- Born: 30 March 1856 West Goshen Township, Pennsylvania, United States
- Died: 20 October 1942 (aged 86)
- Education: Union College, New York University of Pennsylvania
- Known for: Jackson cross cylinder
- Scientific career
- Fields: Ophthalmology
- Workplaces: University of Colorado School of Medicine Penn Medicine Rittenhouse Wills Eye Hospital

= Edward Jackson (ophthalmologist) =

American ophthalmologist

Edward Jackson (March 30, 1856 - October 29, 1942) was an American ophthalmologist better known for popularizing retinoscopy in the United States. He also described detecting astigmatism and its correct axis using a cross-cylinder. The modified Stokes lens he made was later known as Jackson's cross-cylinder.

==Biography==
Edward Jackson was born March 30, 1856, in West Goshen Township, Pennsylvania, the son of Holiday and Emily Jackson. He completed his Bachelor of Science in Civil Engineering from Union College, New York in 1874, and in 1878 received his medical degree from the University of Pennsylvania.

Jackson married Jenny L. Price in 1878. After she died in 1896, he settled in Denver in 1898, where he married Emily Churchman.

Jackson died of heart block on October 29, 1942, at the age of 86.

==Career==
Jackson, who served as Professor of Ophthalmology at the Penn Medicine Rittenhouse (previously Philadelphia Polyclinic) and surgeon at Wills Eye Hospital later became professor and chairman of the Department of Ophthalmology at the University of Colorado School of Medicine. He founded the Colorado Ophthalmological Society and started the first postgraduate course in ophthalmology in the US.

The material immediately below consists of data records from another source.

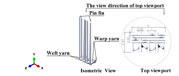 The structure of fabric heat sink is shown in Figure 2(a). For comparison, the configuration of a common pin fin heat sink is illustrated in Figure 2(b). The geometrical model consists of the continuous loop yarn as heat transferring pin fins (hereafter, referred to fabric pin fins) and the pin fins carrier fabric. Fabric pin fins are fixed to the carrier fabric, and it is just like the pin fin fixed on the base plate in Figure 2(b). The carrier fabric can be fabricated by the plain, twill and satin texture. There, the twill (3/1) texture is simulated, and the weaving parameters are shown in Table 1.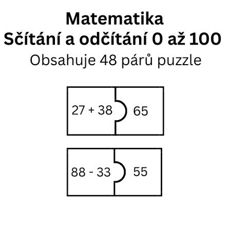 Puzzle sčítání a odčítání do sta – 48 párů 🧩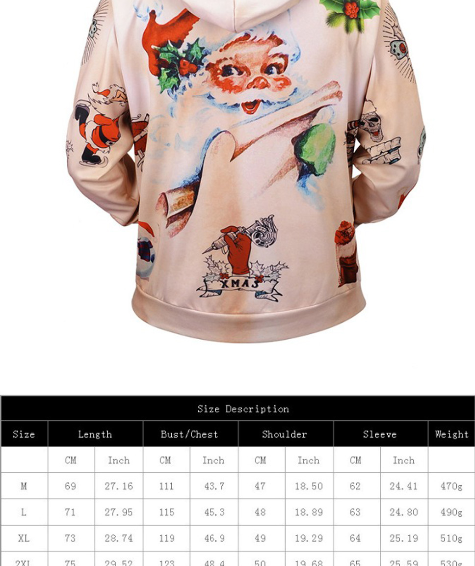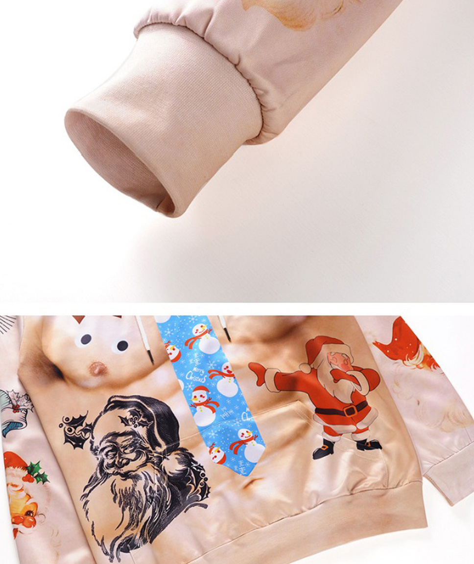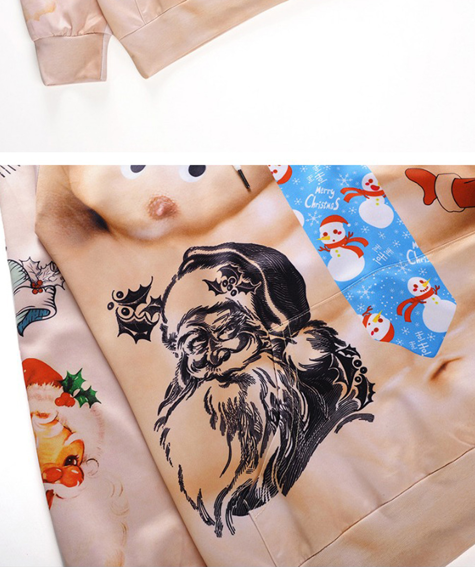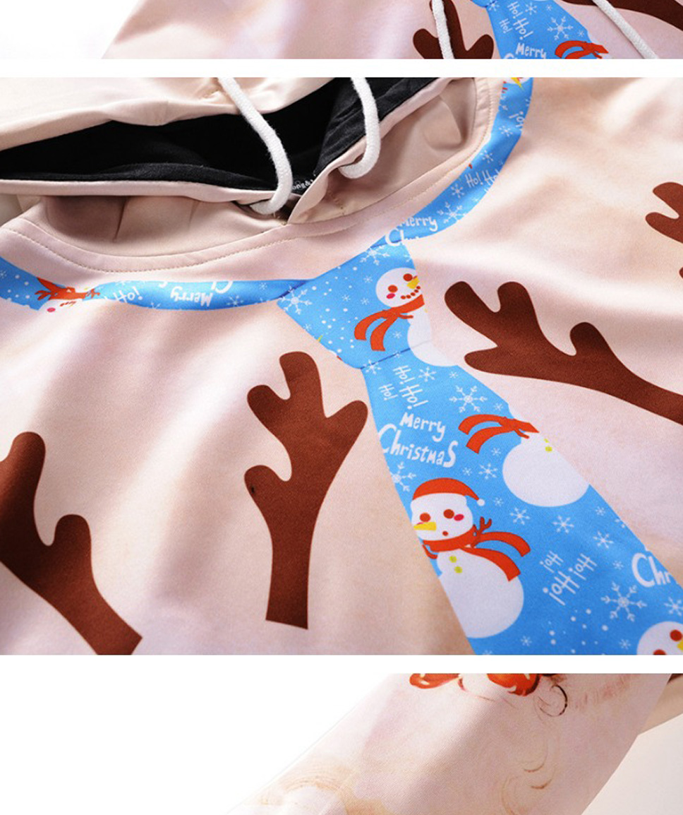 Christmas Autumn Winter Casual Hooded Hoodies 3D Print Cartoon Reindeer Loose Sweatshirts For Men Champagne/XXL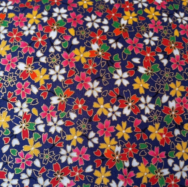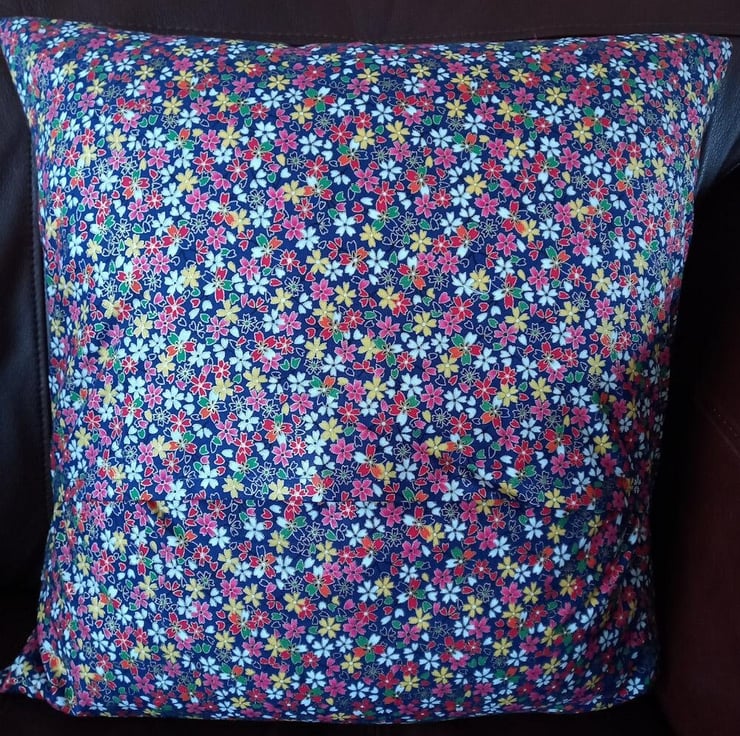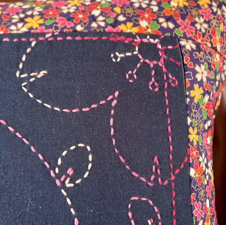 The pink embroidery thread is variegated, with tones ranging from white through to dark pink. I've framed the embroidered panel with a multicoloured Japanese floral fabric and have created an "envelope" style back opening to facilitate the insertion or removal of the cushion pad.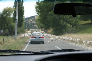 is a rare treat. The amazing tractor is on the beach at Castlepoint and used to launch the huge jet boats Below, sheep on the road, and ... with apologies for quality, 4 people and 3 dogs on a quad bike. (As you can imagine, I'm gutted about the poor quality pic) |

In 1885, he popularized retinoscopy in the United States. In 1887 he described detecting astigmatism using a cross-cylinder, and in 1907 he described the determination of the axis of a correcting cylinder in astigmatism using a cross-cylinder. The modified Stokes lens was later known as Jackson's cross-cylinder.

He founded and edited the Yearbook of Ophthalmology and Ophthalmic Literature, and was appointed editor of the third series of the American Journal of Ophthalmology in 1918. He held several other positions including president of the American Academy of Ophthalmology and Otolaryngology and member of American Board of Ophthalmology.

==Awards and honors==
In honor of him, the American Academy of Ophthalmology annually conducts a Jackson Memorial Lecture.